In the listing below, the lines starting at the line with "Une fois que" and ending at the line with "Sunset on the" are to be output verbatim. Images stay out of the copy.

Data shown
-------------------------

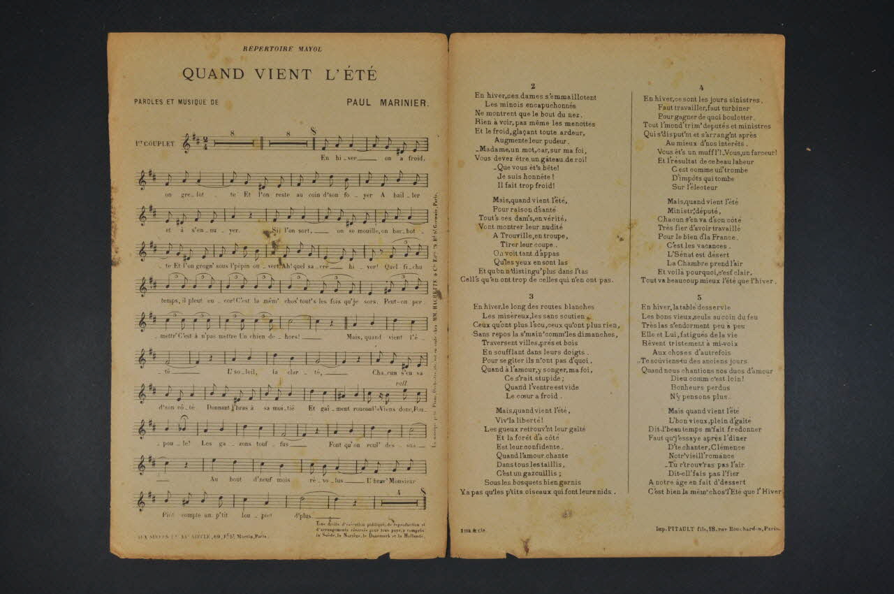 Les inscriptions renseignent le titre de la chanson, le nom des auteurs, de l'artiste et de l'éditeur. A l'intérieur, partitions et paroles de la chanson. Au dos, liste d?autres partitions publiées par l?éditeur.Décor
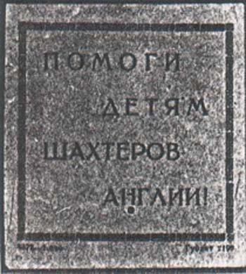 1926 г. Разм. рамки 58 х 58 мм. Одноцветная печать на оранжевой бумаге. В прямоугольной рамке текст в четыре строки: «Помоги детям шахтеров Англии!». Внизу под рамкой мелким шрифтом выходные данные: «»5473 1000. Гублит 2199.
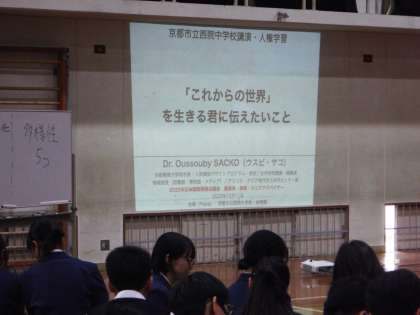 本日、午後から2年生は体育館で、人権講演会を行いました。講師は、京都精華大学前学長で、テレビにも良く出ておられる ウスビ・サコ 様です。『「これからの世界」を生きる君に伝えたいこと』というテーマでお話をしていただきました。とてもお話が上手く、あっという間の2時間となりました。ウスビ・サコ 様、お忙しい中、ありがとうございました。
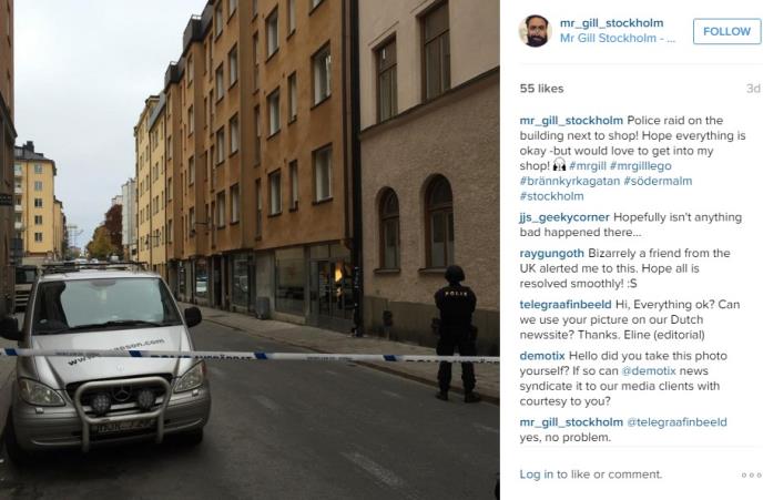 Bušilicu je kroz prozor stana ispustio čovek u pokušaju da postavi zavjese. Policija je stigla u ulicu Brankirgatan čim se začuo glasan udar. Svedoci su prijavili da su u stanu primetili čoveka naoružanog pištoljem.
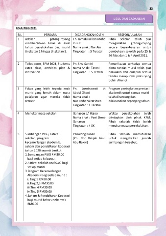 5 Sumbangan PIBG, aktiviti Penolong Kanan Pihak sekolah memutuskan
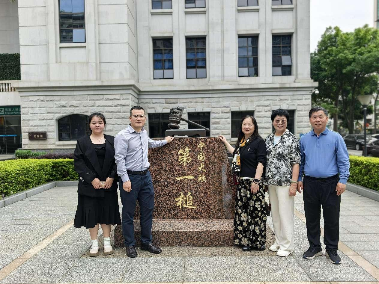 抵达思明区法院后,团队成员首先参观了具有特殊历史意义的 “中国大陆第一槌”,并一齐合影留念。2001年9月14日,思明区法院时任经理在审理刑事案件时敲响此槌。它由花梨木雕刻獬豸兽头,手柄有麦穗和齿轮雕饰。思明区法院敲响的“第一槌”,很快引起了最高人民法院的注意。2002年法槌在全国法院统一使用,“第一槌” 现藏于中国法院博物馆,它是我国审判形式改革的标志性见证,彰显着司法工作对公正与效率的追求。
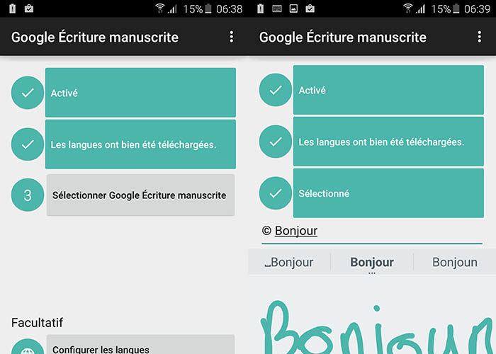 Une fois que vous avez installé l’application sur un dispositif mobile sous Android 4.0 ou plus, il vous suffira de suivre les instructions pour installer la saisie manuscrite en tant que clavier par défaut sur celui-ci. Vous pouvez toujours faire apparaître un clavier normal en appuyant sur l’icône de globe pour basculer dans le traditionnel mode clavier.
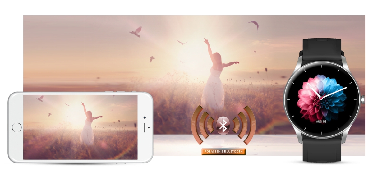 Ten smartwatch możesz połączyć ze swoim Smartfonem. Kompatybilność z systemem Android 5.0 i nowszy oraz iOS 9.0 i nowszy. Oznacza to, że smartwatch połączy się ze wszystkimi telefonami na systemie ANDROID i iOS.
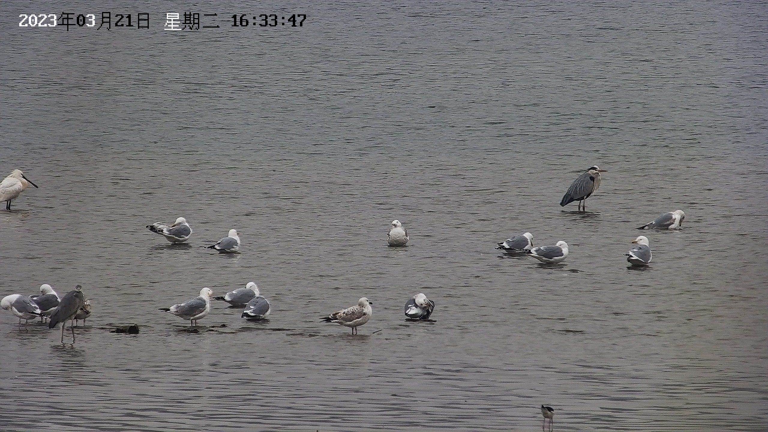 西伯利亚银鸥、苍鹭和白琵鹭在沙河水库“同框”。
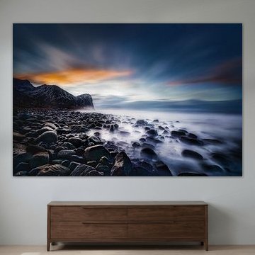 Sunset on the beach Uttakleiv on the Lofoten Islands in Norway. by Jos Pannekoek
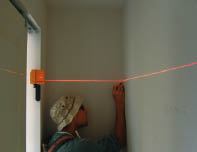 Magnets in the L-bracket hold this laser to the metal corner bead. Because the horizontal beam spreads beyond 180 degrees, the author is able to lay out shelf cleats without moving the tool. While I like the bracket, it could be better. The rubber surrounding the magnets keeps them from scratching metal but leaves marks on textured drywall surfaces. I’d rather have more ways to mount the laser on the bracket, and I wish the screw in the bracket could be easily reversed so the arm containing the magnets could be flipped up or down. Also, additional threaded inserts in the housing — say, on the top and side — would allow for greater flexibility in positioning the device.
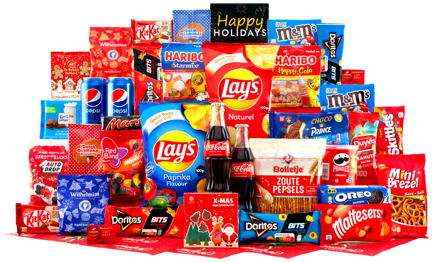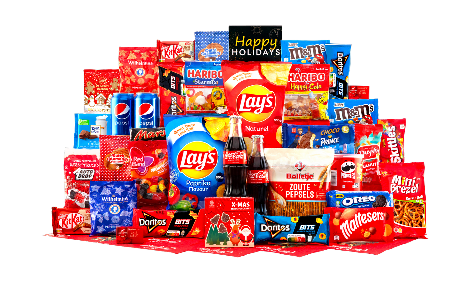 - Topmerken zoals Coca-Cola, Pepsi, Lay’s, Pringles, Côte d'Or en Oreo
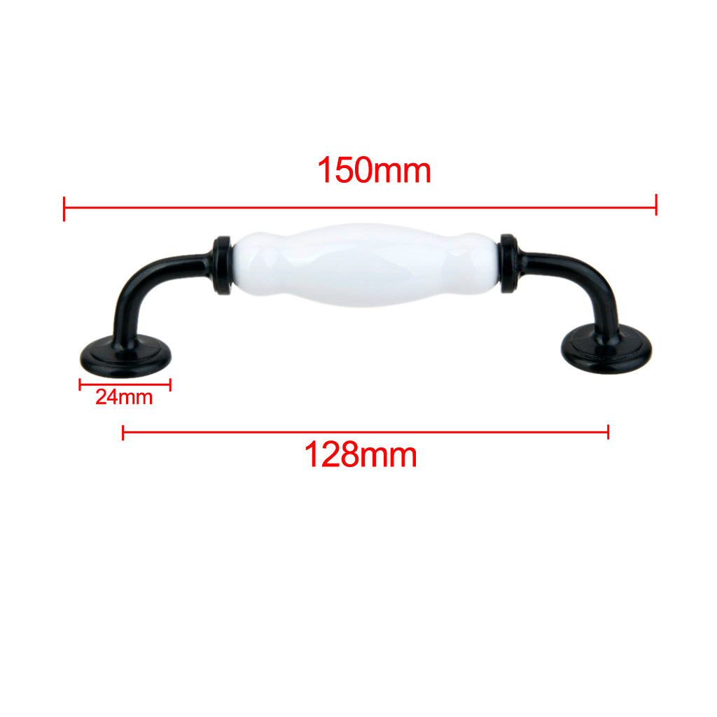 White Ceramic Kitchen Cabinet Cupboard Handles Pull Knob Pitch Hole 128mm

-------------------------

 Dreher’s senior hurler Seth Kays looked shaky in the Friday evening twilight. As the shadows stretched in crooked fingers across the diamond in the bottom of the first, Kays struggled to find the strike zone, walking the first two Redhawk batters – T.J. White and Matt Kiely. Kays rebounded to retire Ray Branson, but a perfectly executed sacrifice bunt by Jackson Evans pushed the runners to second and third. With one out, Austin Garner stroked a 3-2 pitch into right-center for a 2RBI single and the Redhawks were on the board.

-------------------------

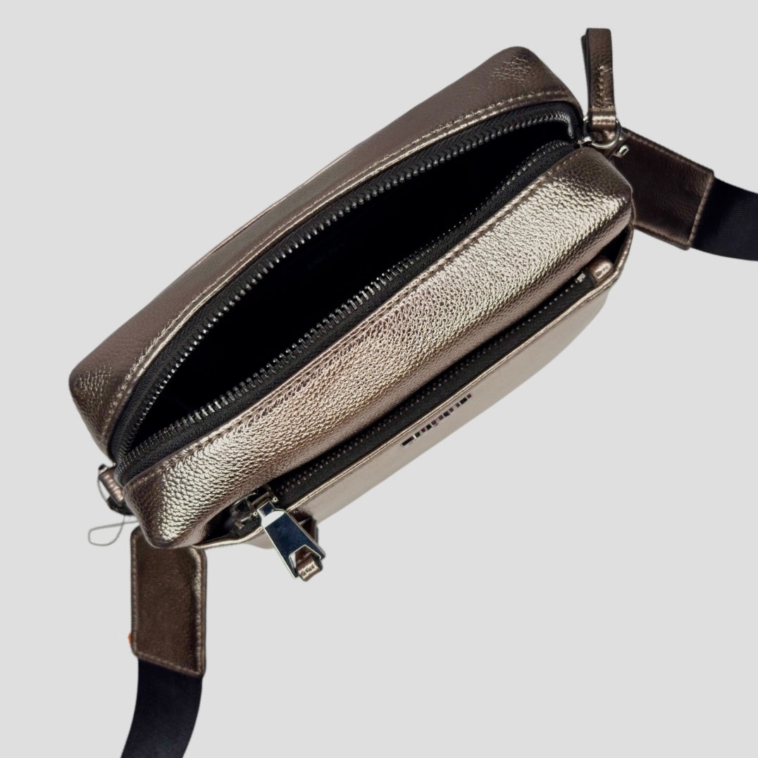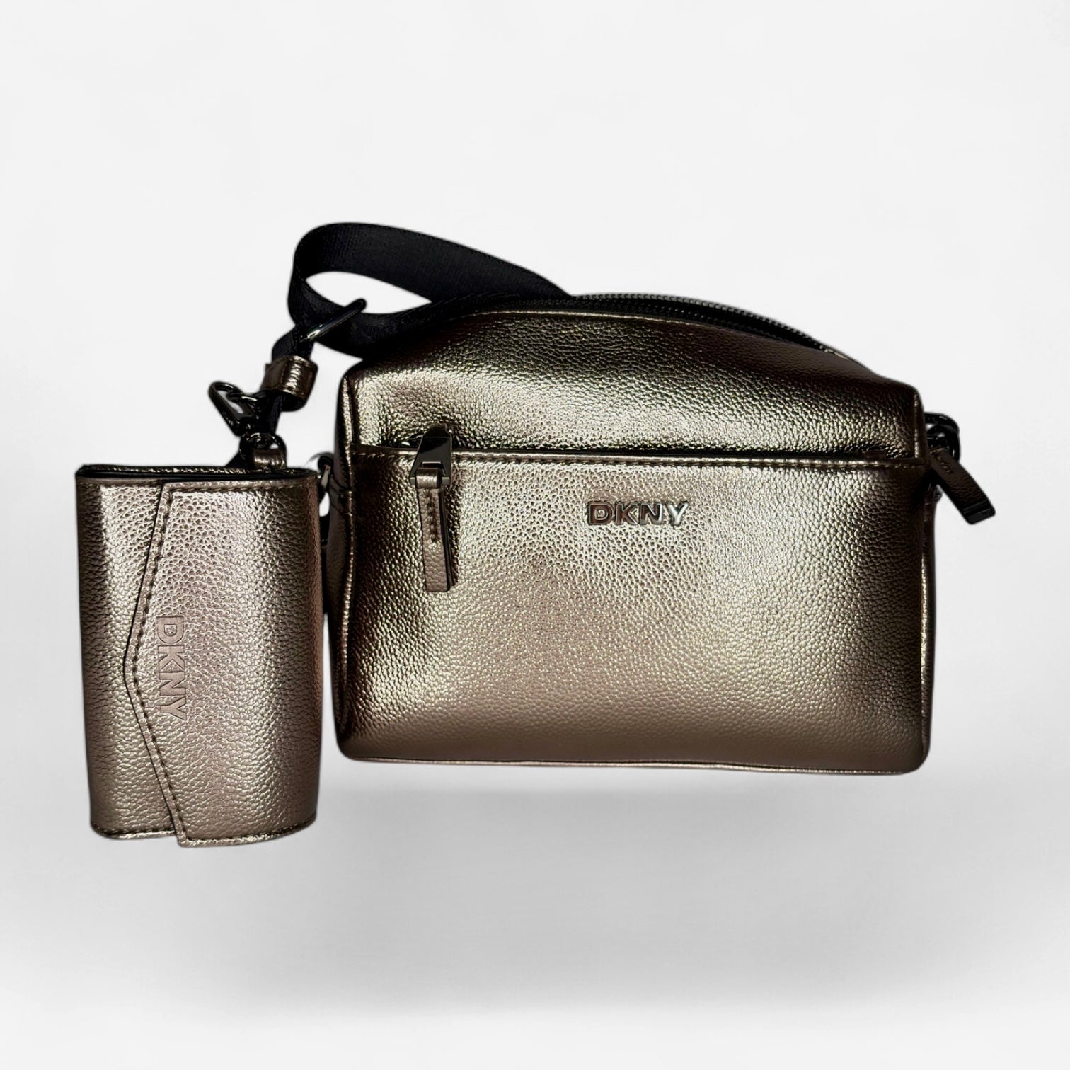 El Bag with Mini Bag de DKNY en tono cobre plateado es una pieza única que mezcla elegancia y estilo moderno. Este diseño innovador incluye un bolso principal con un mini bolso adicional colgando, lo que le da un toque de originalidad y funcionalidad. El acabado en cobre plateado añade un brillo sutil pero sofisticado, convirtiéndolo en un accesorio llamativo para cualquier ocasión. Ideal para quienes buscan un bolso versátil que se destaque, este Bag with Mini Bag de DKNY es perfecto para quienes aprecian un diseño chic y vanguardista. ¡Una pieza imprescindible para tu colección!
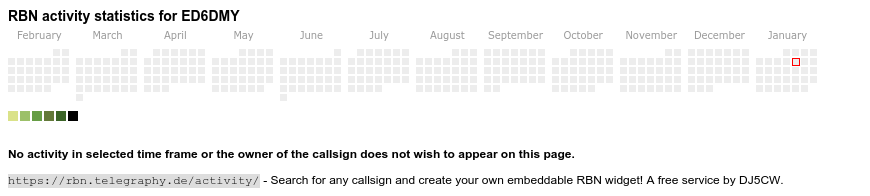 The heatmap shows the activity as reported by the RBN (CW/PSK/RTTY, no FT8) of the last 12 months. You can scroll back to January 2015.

-------------------------

Written solution
 Une fois que vous avez installé l’application sur un dispositif mobile sous Android 4.0 ou plus, il vous suffira de suivre les instructions pour installer la saisie manuscrite en tant que clavier par défaut sur celui-ci. Vous pouvez toujours faire apparaître un clavier normal en appuyant sur l’icône de globe pour basculer dans le traditionnel mode clavier.
 Ten smartwatch możesz połączyć ze swoim Smartfonem. Kompatybilność z systemem Android 5.0 i nowszy oraz iOS 9.0 i nowszy. Oznacza to, że smartwatch połączy się ze wszystkimi telefonami na systemie ANDROID i iOS.
 西伯利亚银鸥、苍鹭和白琵鹭在沙河水库“同框”。
 Sunset on the beach Uttakleiv on the Lofoten Islands in Norway. by Jos Pannekoek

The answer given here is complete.